(Task)
Begin with the line below holding "Travel photo of" and go on through the line holding "ఇందిరమ్మ ఇంటిని ప్రారంభించిన", duplicating each line exactly and leaving out pictures.

(Provided records)
******
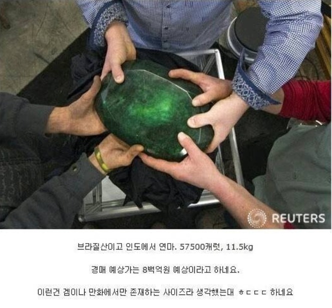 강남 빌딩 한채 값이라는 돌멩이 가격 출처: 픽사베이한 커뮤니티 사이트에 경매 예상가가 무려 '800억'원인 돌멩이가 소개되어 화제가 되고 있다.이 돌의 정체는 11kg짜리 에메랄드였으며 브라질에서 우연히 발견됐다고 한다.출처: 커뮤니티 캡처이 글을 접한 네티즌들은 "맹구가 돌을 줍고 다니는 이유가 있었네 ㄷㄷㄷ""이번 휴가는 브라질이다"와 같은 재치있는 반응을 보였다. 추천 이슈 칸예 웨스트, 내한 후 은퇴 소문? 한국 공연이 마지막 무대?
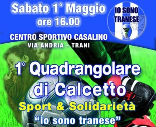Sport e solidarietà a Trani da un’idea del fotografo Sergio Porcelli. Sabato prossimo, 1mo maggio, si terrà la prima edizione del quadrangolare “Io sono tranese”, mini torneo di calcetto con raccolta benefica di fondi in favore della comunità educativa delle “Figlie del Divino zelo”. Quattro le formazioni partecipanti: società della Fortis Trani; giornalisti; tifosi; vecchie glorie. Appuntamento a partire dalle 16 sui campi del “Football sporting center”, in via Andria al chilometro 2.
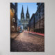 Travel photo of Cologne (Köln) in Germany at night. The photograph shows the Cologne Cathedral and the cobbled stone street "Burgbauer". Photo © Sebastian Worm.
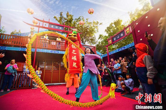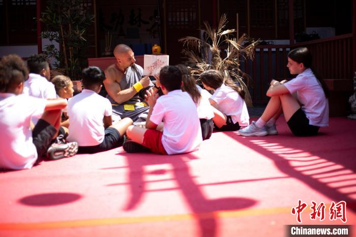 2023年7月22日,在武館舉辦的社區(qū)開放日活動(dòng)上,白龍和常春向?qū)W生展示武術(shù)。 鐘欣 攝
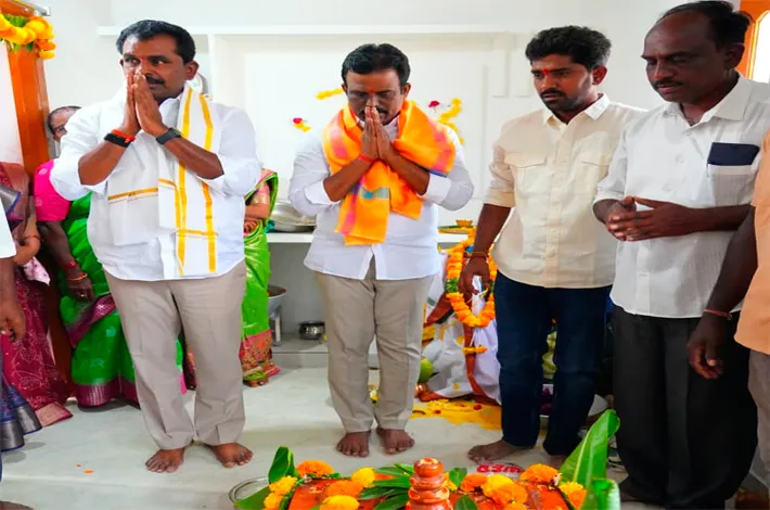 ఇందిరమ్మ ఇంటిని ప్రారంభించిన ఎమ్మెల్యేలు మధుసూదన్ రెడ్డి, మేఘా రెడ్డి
******
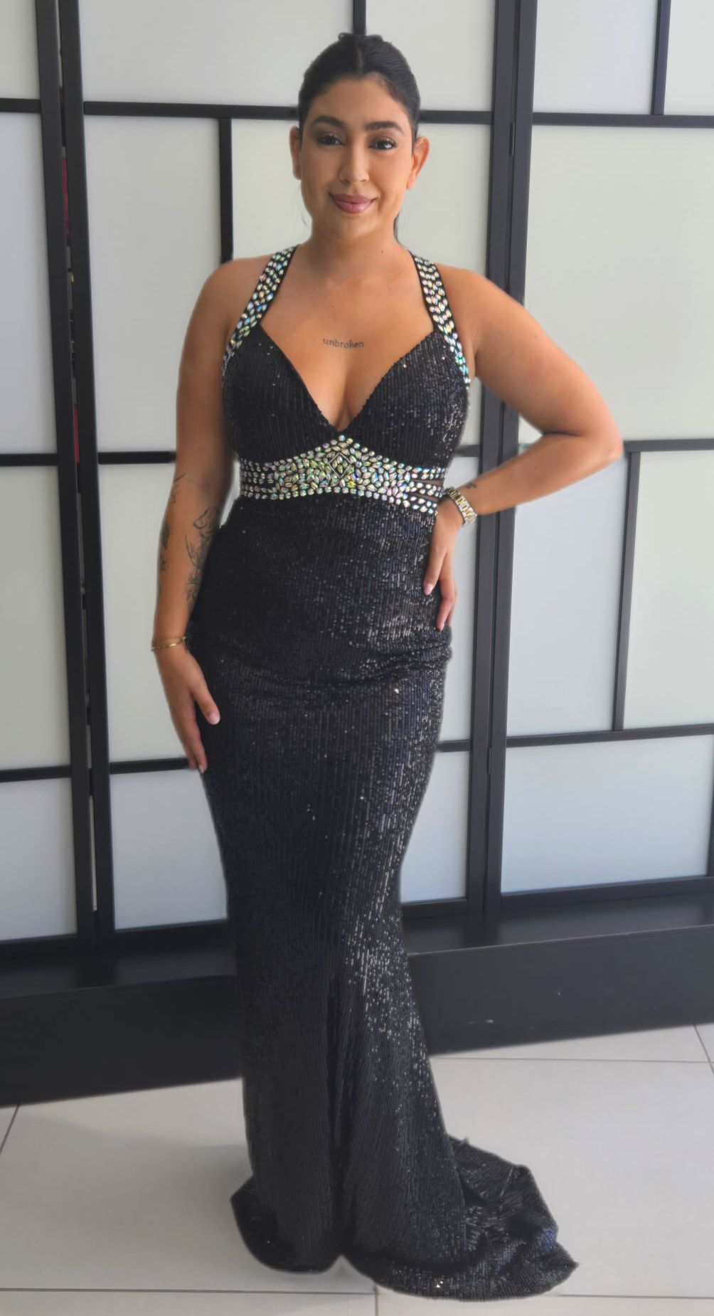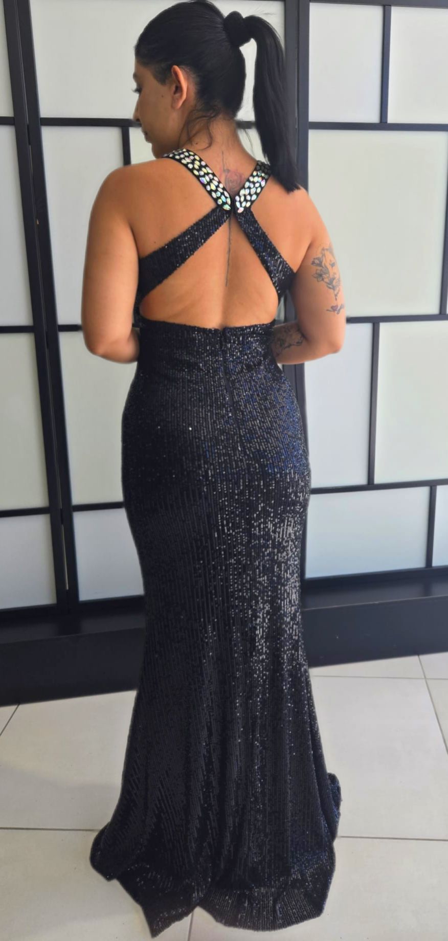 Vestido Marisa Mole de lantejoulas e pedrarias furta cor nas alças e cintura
******
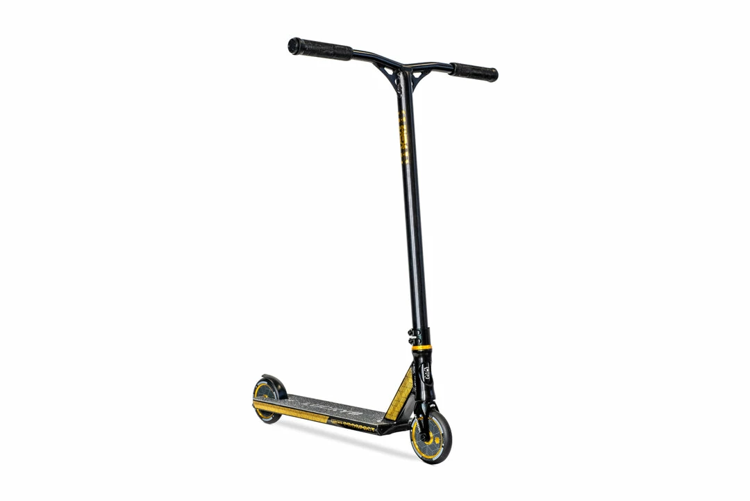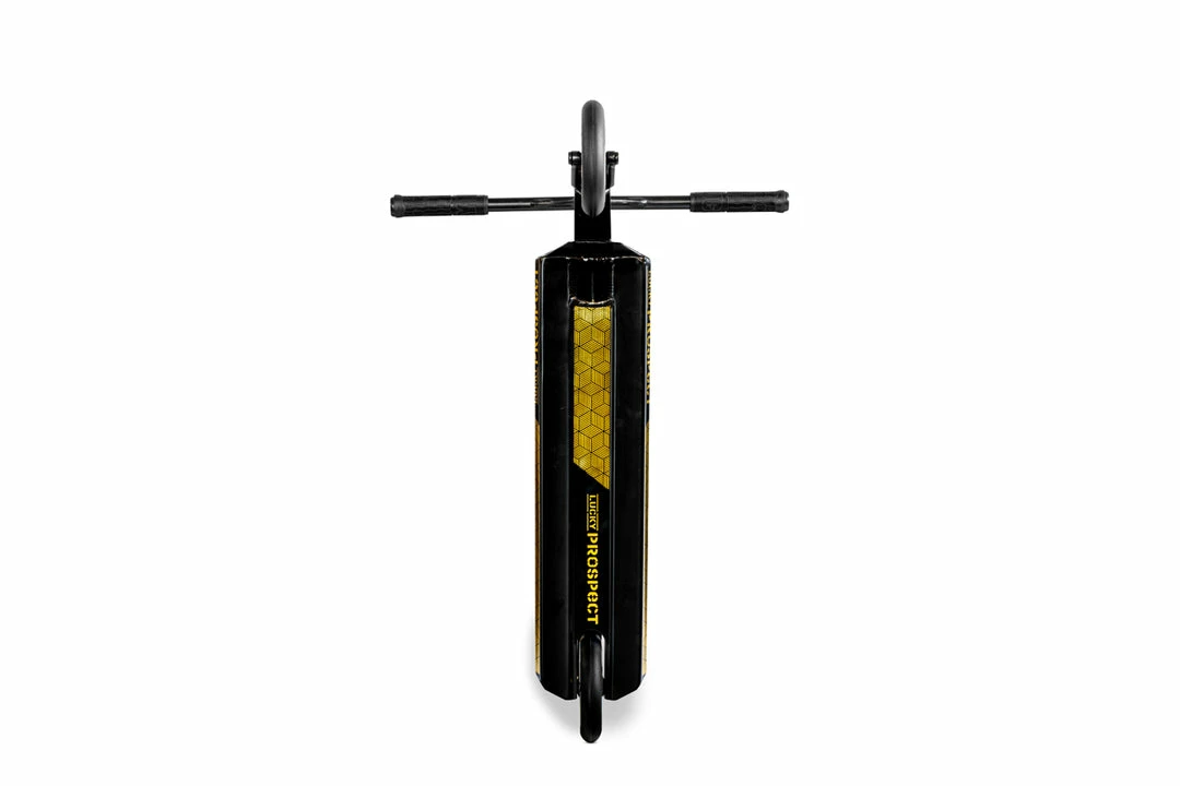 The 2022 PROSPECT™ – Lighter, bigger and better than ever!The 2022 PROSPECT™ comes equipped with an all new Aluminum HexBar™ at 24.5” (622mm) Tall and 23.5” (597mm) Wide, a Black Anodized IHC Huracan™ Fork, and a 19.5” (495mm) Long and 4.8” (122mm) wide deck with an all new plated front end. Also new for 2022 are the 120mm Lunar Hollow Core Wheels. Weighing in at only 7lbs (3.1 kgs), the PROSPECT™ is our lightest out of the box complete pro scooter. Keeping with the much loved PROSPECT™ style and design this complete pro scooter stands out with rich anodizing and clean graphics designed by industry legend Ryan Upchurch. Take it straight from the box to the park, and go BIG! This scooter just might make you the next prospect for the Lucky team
******
(Response)
 Travel photo of Cologne (Köln) in Germany at night. The photograph shows the Cologne Cathedral and the cobbled stone street "Burgbauer". Photo © Sebastian Worm.
 2023年7月22日,在武館舉辦的社區(qū)開放日活動(dòng)上,白龍和常春向?qū)W生展示武術(shù)。 鐘欣 攝
 ఇందిరమ్మ ఇంటిని ప్రారంభించిన ఎమ్మెల్యేలు మధుసూదన్ రెడ్డి, మేఘా రెడ్డి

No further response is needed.